2024年03月06日
好色
本書に度々出てくるのが、自分の本性だと言う「好色」。いくら「自分と妻」の死後に出版されるとはいえ、政治家という「公職」にあった人間が、こうも赤裸々に出会いから、逢引き、別れまでを書いた本はないと思う。
何がそうさせたのか?その理由を、「作家として死後に正当な評価を受けたい」からだったのではないかと書いてある書評があった。一橋大学在学中に書いたデビュー作『太陽の季節』はその(当時としては)スキャンダラスな内容で大きな話題となり、翌年には芥川賞も受賞した。
しかし、その後の作品は大した評価は受けていない。むしろ、『太陽の季節』の映画化をきっかけに国民的俳優となった弟・裕次郎の兄として、そして、政治家としてのイメージが広がっていく。
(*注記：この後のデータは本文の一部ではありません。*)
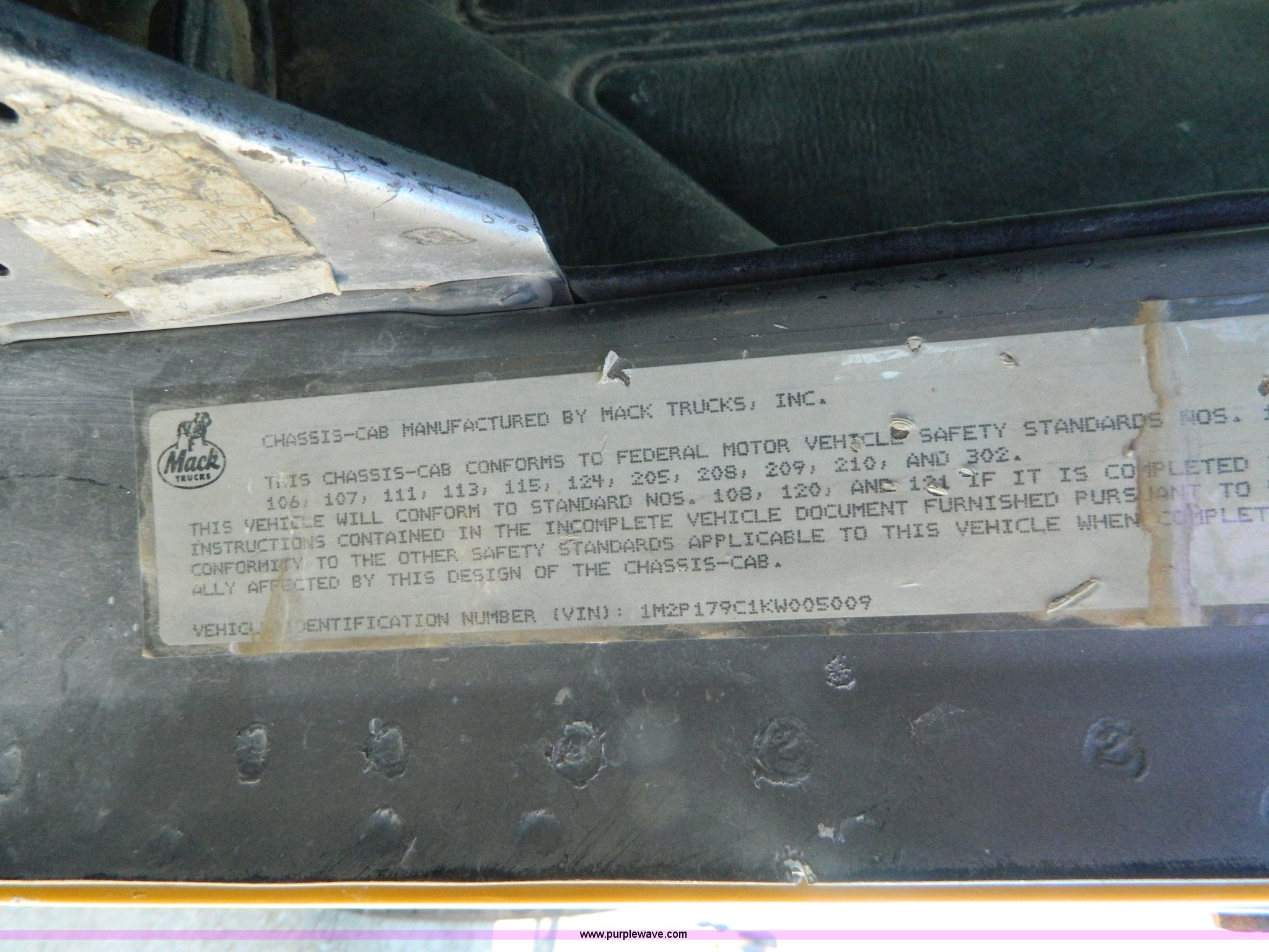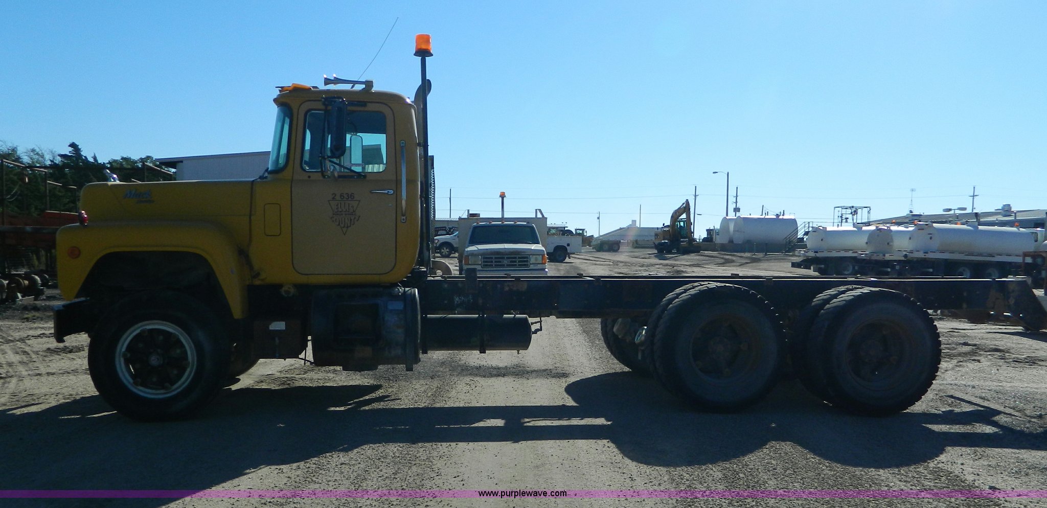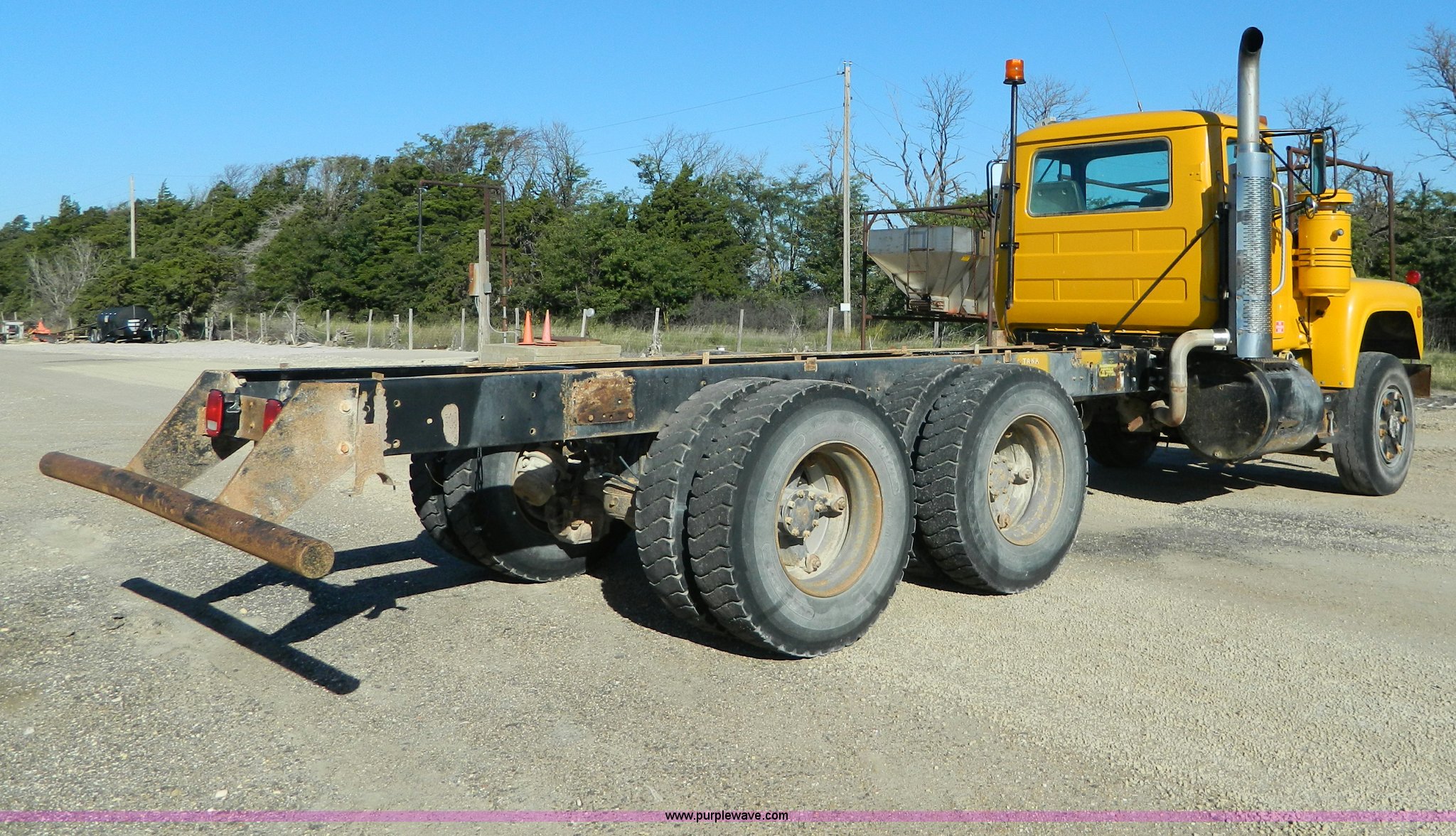 Purple Wave is selling a used Truck Chassis in Kansas. This item is a 1989 Mack RD690S truck cab and chassis with the following: 409,500 miles on odometer, Mack E6 11.0L L6 diesel engine, 275 HP, Five speed manual transmission, Heat, 59 gallon fuel tank, Double frame, Power steering, Spring suspension, Dayton wheels, 11R22.5 tires

それを、政治家を引退した時、「俺の原点は文学者だ」と言いたかったのか。
140:政治家デビュー
私は読売新聞に頼まれ、ベトナム戦争の取材に出かけ現地の知識人たちと懇談し、彼等が己の国の有様にきわめてシニックでいるのに驚き、併せて日本におけるベ兵連なる手合いの安易なシニスムとの類似に気付き、日本と言う国家の将来に強い危機感を抱いて政治家になる決心をした時、参議院の全国区に出るという私のために、ならばおまえに2、30万の票をつくってやると水野さん(産経新聞社主)が言い出し、私をいきなり、彼が懇意にしていた霊友会の小谷喜美会長に引き合わせてくれたものだ。
161:N(中町由子)との出会い
人生の見境もなく闇雲に結婚した妻とその間に生まれた子供たちは別だが、人を塾愛するという体験を味わったのは彼女が初めてであり、最後だったと思う。出会った頃、彼女はまだ新劇の女優の卵で俳優座の研究生だった。(中略)劇団四季に移籍して大きく花が咲いた。
165:交通事故が原因でアルツハイマー型認知症に
彼女の母親は以前彼女が妊娠して二人の関係が露見してしまい、私はあるところへ呼び出され、事はこれきりにしてきちんと家庭に戻れと説教されたことがあった。
176:私の好色の遍歴はそれで終わることもなかった。知事時代にあるテレビ番組がきっかけで知り合った私よりも45歳も若い、私の文学の熱狂的な愛好者だという女に言い寄られ関係を持ってしまった。
195:私の妻やNやSやあのYにせよ、私が強いたわけではないが私のために多くの犠牲に耐えてくれた彼女たちのお陰で、私の人生はかなり深く彩られたものとして在ることができたとは言えるに違いない。